• _About this exercise_
I'd like the data below restated word for word, with the pictures left out.

• _Available data_
--------------------------------

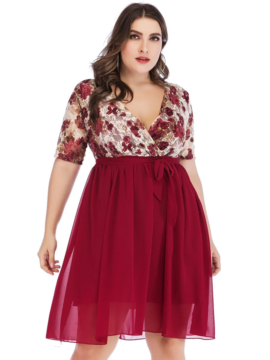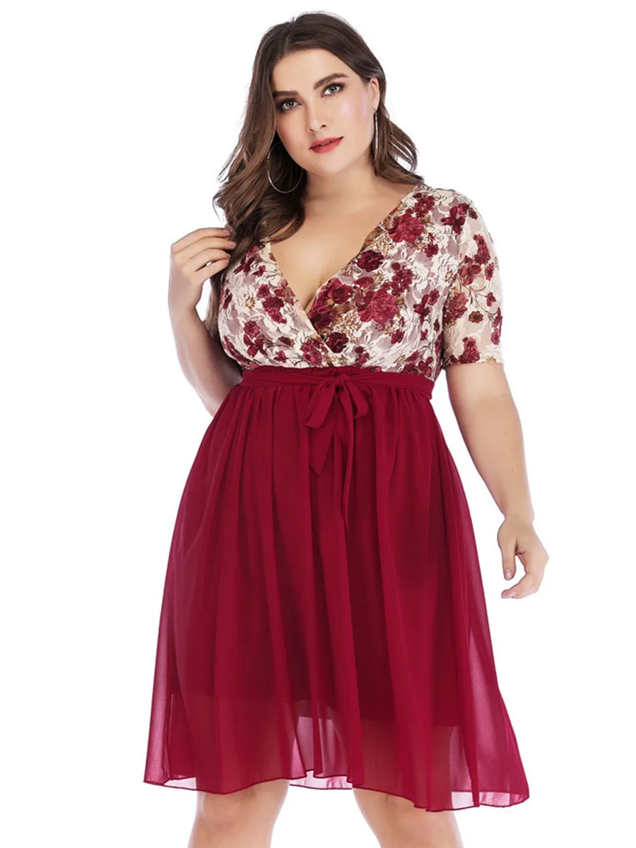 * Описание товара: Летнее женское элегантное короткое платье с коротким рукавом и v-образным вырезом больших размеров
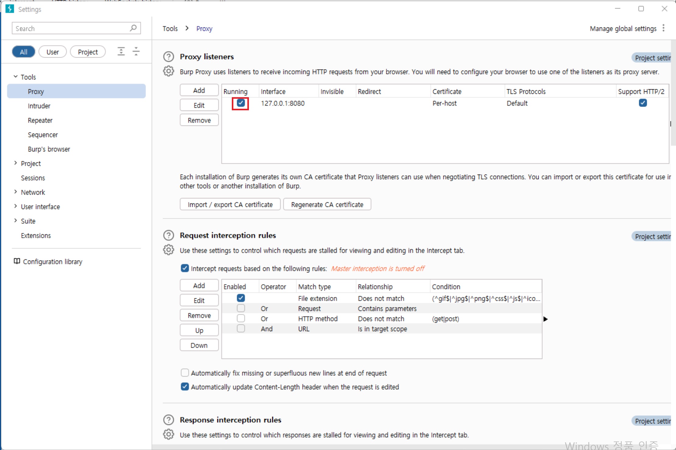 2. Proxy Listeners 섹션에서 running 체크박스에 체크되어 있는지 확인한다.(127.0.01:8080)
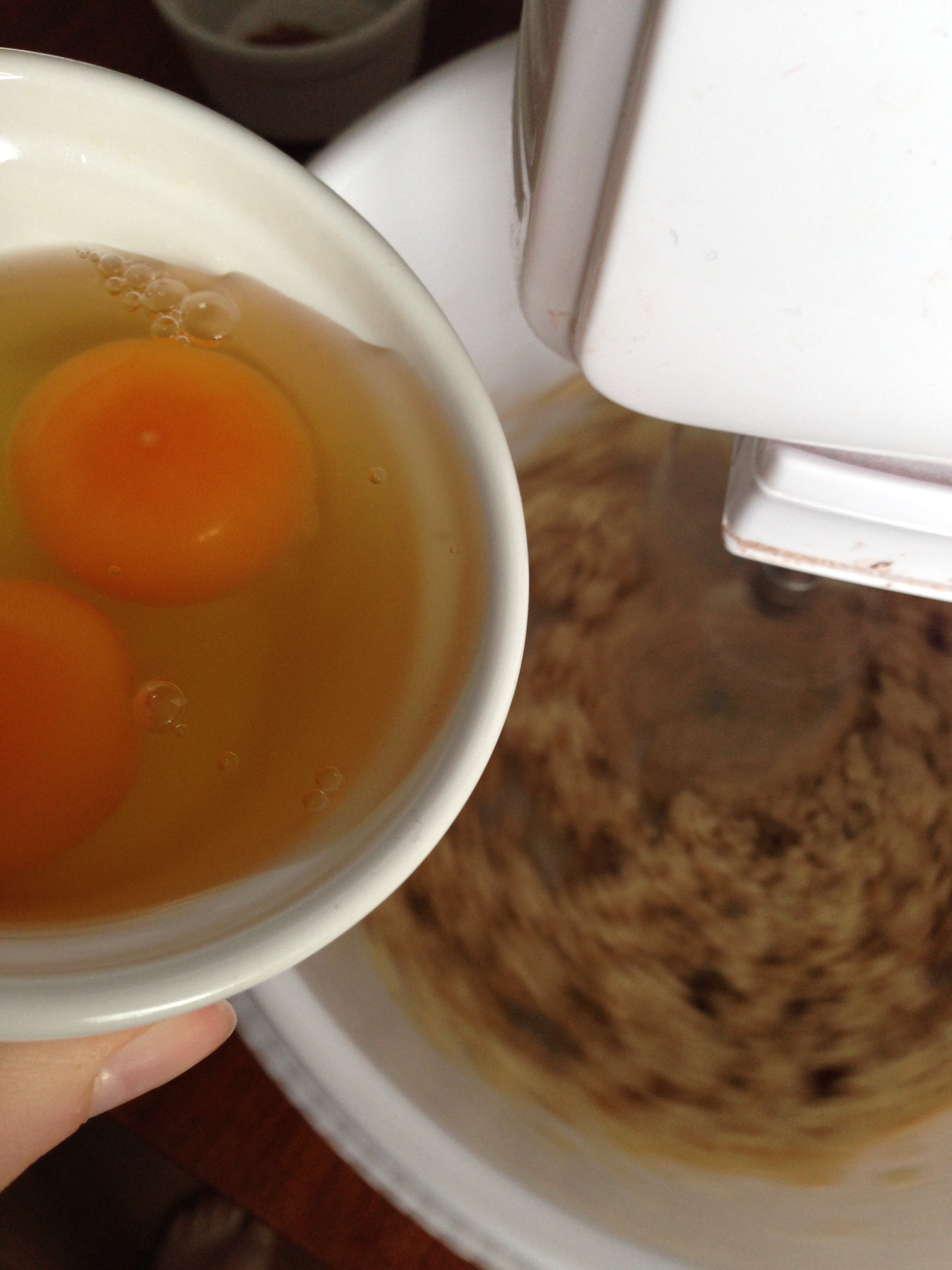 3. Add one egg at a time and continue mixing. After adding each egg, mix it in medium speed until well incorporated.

--------------------------------

• _Answer box_
 * Описание товара: Летнее женское элегантное короткое платье с коротким рукавом и v-образным вырезом больших размеров
 2. Proxy Listeners 섹션에서 running 체크박스에 체크되어 있는지 확인한다.(127.0.01:8080)
 3. Add one egg at a time and continue mixing. After adding each egg, mix it in medium speed until well incorporated.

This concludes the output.